**YOUR OBJECTIVE**
Beginning at the line that holds "10pcs Children Cartoon", repeat every line through the last line of the material, exactly, and drop any pictures.

**SUPPLIED MATERIAL**

****

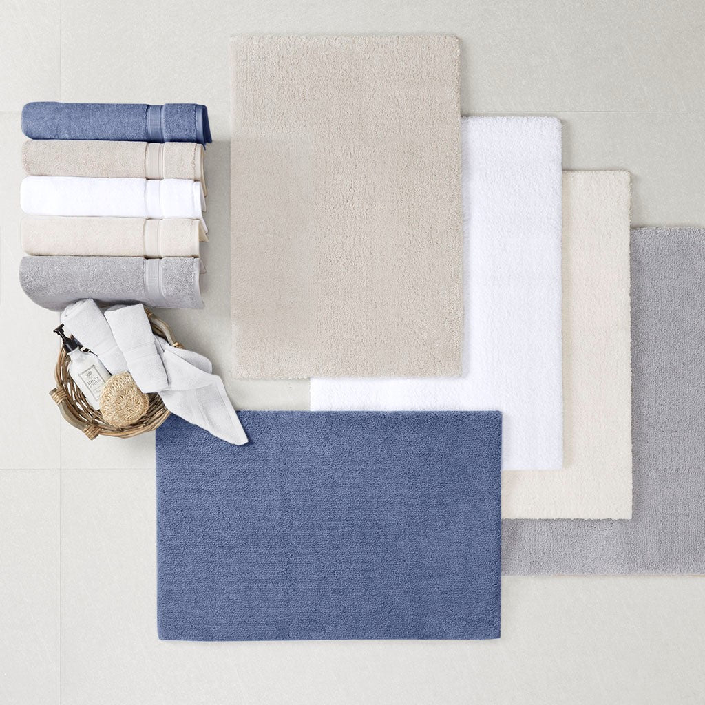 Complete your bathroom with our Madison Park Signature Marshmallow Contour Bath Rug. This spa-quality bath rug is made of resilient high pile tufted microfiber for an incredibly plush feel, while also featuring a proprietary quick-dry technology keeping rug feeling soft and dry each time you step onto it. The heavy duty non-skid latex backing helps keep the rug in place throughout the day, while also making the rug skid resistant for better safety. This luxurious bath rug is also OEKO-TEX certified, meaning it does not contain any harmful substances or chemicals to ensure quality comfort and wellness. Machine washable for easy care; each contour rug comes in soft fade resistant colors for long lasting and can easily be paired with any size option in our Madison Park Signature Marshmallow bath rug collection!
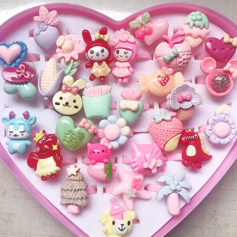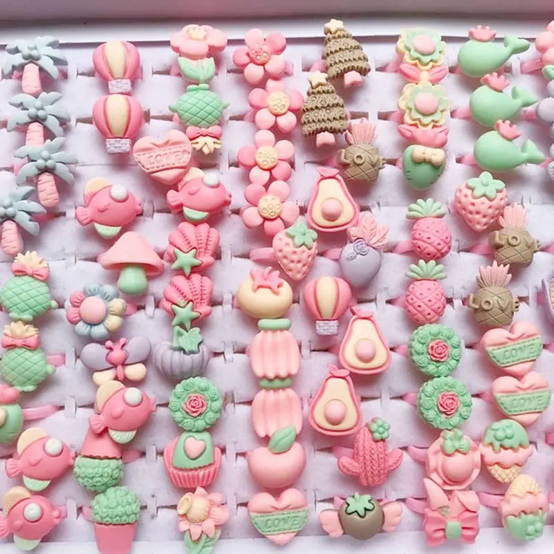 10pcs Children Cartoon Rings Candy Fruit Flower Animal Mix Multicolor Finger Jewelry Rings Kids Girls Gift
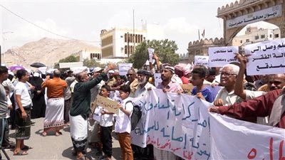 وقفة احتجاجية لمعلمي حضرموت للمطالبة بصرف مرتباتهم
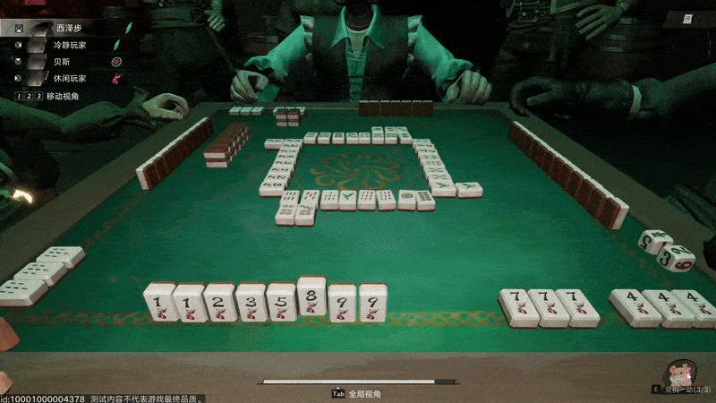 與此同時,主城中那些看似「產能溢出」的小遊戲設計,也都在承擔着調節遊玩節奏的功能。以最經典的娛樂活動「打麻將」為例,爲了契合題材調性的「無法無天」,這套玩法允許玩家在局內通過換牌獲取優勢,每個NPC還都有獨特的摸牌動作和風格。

****

**RESULT BELOW**
 10pcs Children Cartoon Rings Candy Fruit Flower Animal Mix Multicolor Finger Jewelry Rings Kids Girls Gift
 وقفة احتجاجية لمعلمي حضرموت للمطالبة بصرف مرتباتهم
 與此同時,主城中那些看似「產能溢出」的小遊戲設計,也都在承擔着調節遊玩節奏的功能。以最經典的娛樂活動「打麻將」為例,爲了契合題材調性的「無法無天」,這套玩法允許玩家在局內通過換牌獲取優勢,每個NPC還都有獨特的摸牌動作和風格。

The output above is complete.